Problem to solve - Please restate exactly what appears in the records below from the first line to the line where "Beste Koop 10" is, that line included.

★ ★ ★ ★ ★

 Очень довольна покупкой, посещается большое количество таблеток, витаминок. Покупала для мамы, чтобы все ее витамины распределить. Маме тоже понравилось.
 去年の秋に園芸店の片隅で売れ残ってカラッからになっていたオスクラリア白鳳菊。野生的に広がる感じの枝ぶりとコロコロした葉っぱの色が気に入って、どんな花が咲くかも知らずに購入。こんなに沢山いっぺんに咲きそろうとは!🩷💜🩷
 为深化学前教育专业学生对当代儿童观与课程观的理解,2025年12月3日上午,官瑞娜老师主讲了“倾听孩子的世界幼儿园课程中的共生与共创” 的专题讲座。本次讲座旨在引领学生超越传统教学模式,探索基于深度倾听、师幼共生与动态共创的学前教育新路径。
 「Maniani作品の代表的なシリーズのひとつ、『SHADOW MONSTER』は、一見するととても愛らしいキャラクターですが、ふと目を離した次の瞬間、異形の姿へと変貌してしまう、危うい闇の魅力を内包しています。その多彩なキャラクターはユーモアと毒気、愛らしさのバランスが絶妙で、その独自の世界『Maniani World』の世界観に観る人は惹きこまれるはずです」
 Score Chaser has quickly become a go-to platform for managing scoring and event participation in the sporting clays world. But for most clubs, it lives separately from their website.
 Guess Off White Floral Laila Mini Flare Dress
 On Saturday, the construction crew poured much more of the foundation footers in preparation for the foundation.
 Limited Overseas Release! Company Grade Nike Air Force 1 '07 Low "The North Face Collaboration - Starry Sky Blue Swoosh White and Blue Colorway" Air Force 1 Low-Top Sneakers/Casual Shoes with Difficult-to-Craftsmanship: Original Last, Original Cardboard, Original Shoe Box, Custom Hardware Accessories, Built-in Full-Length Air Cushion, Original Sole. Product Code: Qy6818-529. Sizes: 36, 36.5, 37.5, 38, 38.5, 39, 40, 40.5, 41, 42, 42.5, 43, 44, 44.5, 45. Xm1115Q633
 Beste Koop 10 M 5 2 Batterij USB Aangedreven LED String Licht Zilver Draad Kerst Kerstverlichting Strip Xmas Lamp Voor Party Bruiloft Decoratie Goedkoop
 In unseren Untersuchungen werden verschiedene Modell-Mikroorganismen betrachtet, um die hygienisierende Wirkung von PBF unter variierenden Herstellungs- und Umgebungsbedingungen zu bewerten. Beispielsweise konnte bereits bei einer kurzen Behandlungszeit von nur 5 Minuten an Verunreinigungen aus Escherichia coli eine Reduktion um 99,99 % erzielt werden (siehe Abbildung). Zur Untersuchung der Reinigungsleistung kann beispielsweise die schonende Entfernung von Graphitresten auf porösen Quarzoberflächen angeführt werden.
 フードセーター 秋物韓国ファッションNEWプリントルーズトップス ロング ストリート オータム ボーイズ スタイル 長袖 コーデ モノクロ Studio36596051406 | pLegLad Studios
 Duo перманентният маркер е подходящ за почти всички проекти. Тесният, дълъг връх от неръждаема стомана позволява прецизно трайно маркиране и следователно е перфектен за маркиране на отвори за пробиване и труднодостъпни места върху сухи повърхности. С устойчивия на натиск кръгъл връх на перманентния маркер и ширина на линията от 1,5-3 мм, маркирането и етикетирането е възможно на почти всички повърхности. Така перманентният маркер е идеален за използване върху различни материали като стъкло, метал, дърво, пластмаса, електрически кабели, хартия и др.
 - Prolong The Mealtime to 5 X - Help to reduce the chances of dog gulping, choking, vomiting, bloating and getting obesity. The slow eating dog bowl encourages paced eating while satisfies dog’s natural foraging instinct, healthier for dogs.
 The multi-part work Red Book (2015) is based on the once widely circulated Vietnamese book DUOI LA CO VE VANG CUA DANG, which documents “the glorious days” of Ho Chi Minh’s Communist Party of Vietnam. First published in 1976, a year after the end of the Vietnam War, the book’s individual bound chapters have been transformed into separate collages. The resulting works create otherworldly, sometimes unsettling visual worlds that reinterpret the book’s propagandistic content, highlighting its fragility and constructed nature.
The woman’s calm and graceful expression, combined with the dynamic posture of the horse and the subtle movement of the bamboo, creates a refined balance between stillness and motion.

★ ★ ★ ★ ★

Written answer -
 Очень довольна покупкой, посещается большое количество таблеток, витаминок. Покупала для мамы, чтобы все ее витамины распределить. Маме тоже понравилось.
 去年の秋に園芸店の片隅で売れ残ってカラッからになっていたオスクラリア白鳳菊。野生的に広がる感じの枝ぶりとコロコロした葉っぱの色が気に入って、どんな花が咲くかも知らずに購入。こんなに沢山いっぺんに咲きそろうとは!🩷💜🩷
 为深化学前教育专业学生对当代儿童观与课程观的理解,2025年12月3日上午,官瑞娜老师主讲了“倾听孩子的世界幼儿园课程中的共生与共创” 的专题讲座。本次讲座旨在引领学生超越传统教学模式,探索基于深度倾听、师幼共生与动态共创的学前教育新路径。
 「Maniani作品の代表的なシリーズのひとつ、『SHADOW MONSTER』は、一見するととても愛らしいキャラクターですが、ふと目を離した次の瞬間、異形の姿へと変貌してしまう、危うい闇の魅力を内包しています。その多彩なキャラクターはユーモアと毒気、愛らしさのバランスが絶妙で、その独自の世界『Maniani World』の世界観に観る人は惹きこまれるはずです」
 Score Chaser has quickly become a go-to platform for managing scoring and event participation in the sporting clays world. But for most clubs, it lives separately from their website.
 Guess Off White Floral Laila Mini Flare Dress
 On Saturday, the construction crew poured much more of the foundation footers in preparation for the foundation.
 Limited Overseas Release! Company Grade Nike Air Force 1 '07 Low "The North Face Collaboration - Starry Sky Blue Swoosh White and Blue Colorway" Air Force 1 Low-Top Sneakers/Casual Shoes with Difficult-to-Craftsmanship: Original Last, Original Cardboard, Original Shoe Box, Custom Hardware Accessories, Built-in Full-Length Air Cushion, Original Sole. Product Code: Qy6818-529. Sizes: 36, 36.5, 37.5, 38, 38.5, 39, 40, 40.5, 41, 42, 42.5, 43, 44, 44.5, 45. Xm1115Q633
 Beste Koop 10 M 5 2 Batterij USB Aangedreven LED String Licht Zilver Draad Kerst Kerstverlichting Strip Xmas Lamp Voor Party Bruiloft Decoratie Goedkoop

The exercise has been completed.